Problem - Among the entries below, the lines from the one with "平行论坛5的主题为构建共建共" up to and including the one with "Syngonium ‘Milk Confetti’" are to be restated exactly, without pictures.

Records for the exercise -

• • • • • • •

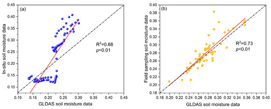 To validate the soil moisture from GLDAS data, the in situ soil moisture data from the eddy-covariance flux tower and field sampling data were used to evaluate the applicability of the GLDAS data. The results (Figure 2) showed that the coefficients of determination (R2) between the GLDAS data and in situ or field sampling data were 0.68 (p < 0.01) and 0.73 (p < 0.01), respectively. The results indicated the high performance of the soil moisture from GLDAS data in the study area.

• • • • • • •

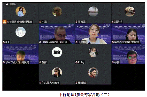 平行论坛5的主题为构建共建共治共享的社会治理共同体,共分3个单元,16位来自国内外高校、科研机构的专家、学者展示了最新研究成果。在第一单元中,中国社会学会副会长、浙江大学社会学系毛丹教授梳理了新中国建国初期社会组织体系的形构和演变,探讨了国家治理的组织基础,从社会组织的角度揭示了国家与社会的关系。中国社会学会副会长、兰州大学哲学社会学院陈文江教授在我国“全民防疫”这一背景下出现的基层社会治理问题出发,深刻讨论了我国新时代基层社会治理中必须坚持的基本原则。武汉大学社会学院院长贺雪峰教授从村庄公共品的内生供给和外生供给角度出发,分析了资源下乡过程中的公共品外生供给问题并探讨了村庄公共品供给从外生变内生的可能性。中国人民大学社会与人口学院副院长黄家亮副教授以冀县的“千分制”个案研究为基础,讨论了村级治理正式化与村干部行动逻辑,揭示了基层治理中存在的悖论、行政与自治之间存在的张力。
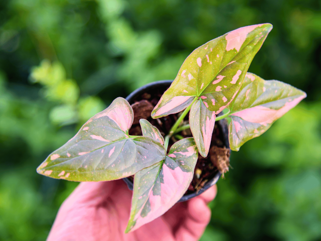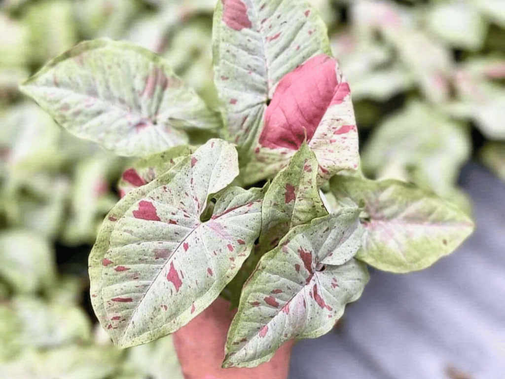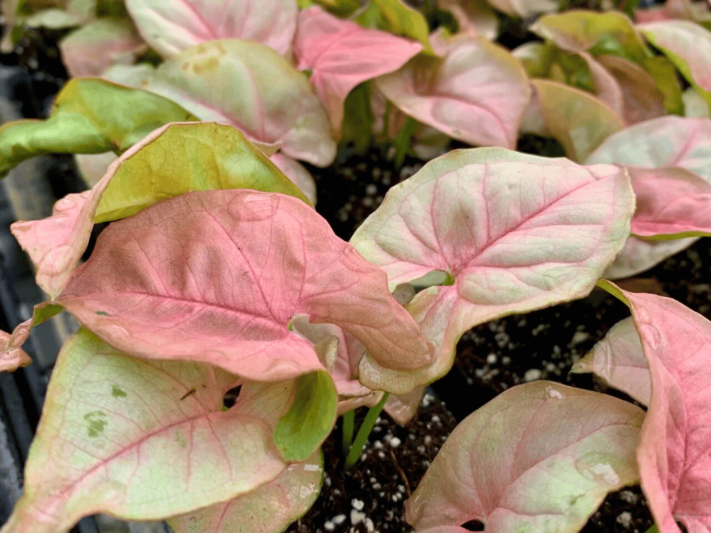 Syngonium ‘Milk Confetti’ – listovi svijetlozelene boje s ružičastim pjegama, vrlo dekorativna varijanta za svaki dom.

• • • • • • •

Exercise response -
 平行论坛5的主题为构建共建共治共享的社会治理共同体,共分3个单元,16位来自国内外高校、科研机构的专家、学者展示了最新研究成果。在第一单元中,中国社会学会副会长、浙江大学社会学系毛丹教授梳理了新中国建国初期社会组织体系的形构和演变,探讨了国家治理的组织基础,从社会组织的角度揭示了国家与社会的关系。中国社会学会副会长、兰州大学哲学社会学院陈文江教授在我国“全民防疫”这一背景下出现的基层社会治理问题出发,深刻讨论了我国新时代基层社会治理中必须坚持的基本原则。武汉大学社会学院院长贺雪峰教授从村庄公共品的内生供给和外生供给角度出发,分析了资源下乡过程中的公共品外生供给问题并探讨了村庄公共品供给从外生变内生的可能性。中国人民大学社会与人口学院副院长黄家亮副教授以冀县的“千分制”个案研究为基础,讨论了村级治理正式化与村干部行动逻辑,揭示了基层治理中存在的悖论、行政与自治之间存在的张力。
 Syngonium ‘Milk Confetti’ – listovi svijetlozelene boje s ružičastim pjegama, vrlo dekorativna varijanta za svaki dom.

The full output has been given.